*Task objective*
Please transcribe exactly, and only, the lines of the data below between the line holding "Closed Kurzarm-Hemd Comfort" and the line holding "इस मैच में मिली", inclusive.

*Data to process*
══════════
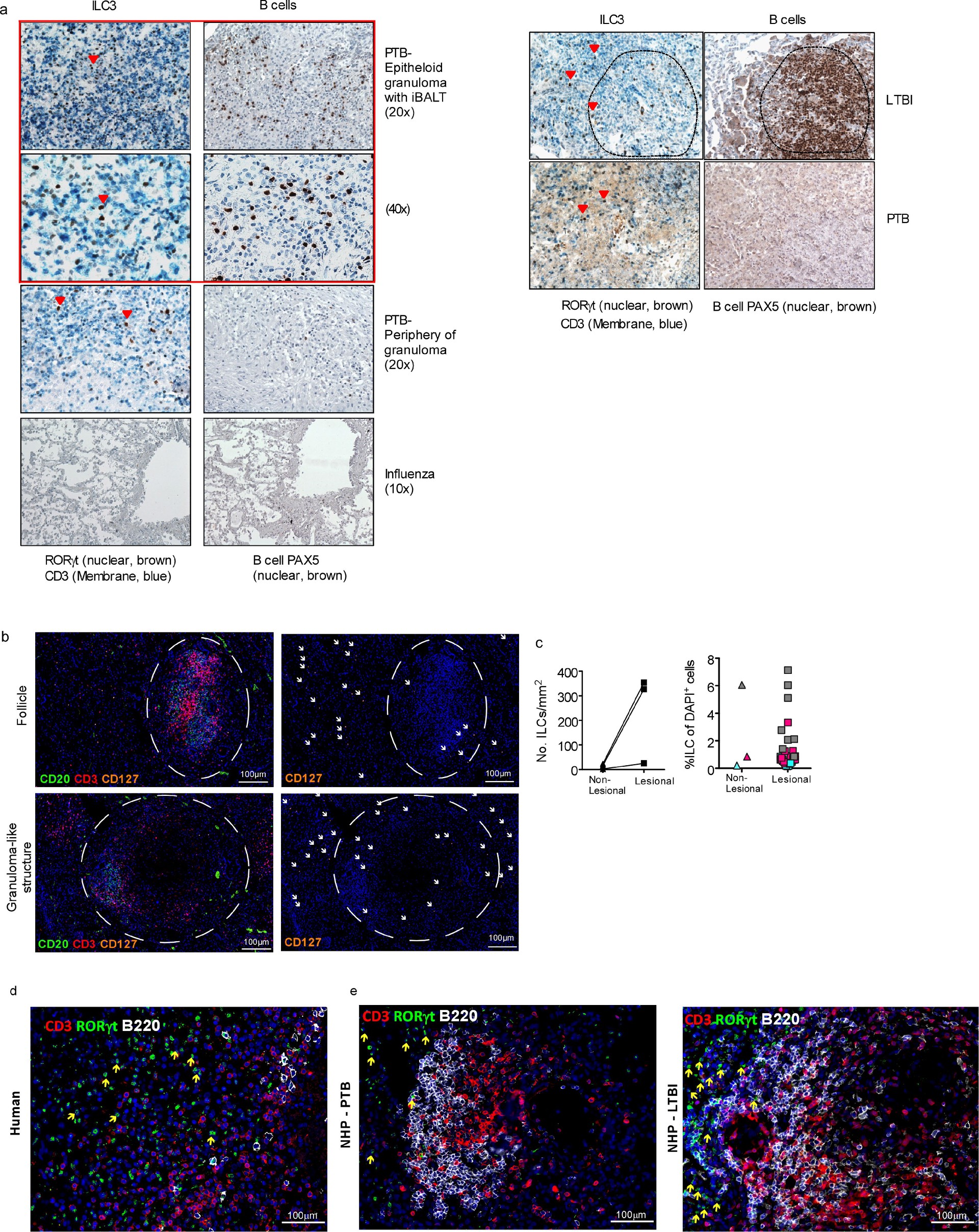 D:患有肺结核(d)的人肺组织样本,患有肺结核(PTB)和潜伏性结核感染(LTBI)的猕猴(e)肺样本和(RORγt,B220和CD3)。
══════════
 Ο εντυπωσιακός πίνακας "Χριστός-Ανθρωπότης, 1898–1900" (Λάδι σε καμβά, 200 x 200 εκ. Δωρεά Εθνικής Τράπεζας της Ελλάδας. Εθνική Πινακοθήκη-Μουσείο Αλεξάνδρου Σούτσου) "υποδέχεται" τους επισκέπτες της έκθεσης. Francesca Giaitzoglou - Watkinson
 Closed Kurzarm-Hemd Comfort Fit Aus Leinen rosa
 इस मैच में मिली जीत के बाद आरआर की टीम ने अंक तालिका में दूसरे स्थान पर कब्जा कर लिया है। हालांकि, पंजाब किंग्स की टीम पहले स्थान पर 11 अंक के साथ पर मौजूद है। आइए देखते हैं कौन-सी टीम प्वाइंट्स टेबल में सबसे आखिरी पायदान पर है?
══════════
*Reply to the exercise*
 Closed Kurzarm-Hemd Comfort Fit Aus Leinen rosa
 इस मैच में मिली जीत के बाद आरआर की टीम ने अंक तालिका में दूसरे स्थान पर कब्जा कर लिया है। हालांकि, पंजाब किंग्स की टीम पहले स्थान पर 11 अंक के साथ पर मौजूद है। आइए देखते हैं कौन-सी टीम प्वाइंट्स टेबल में सबसे आखिरी पायदान पर है?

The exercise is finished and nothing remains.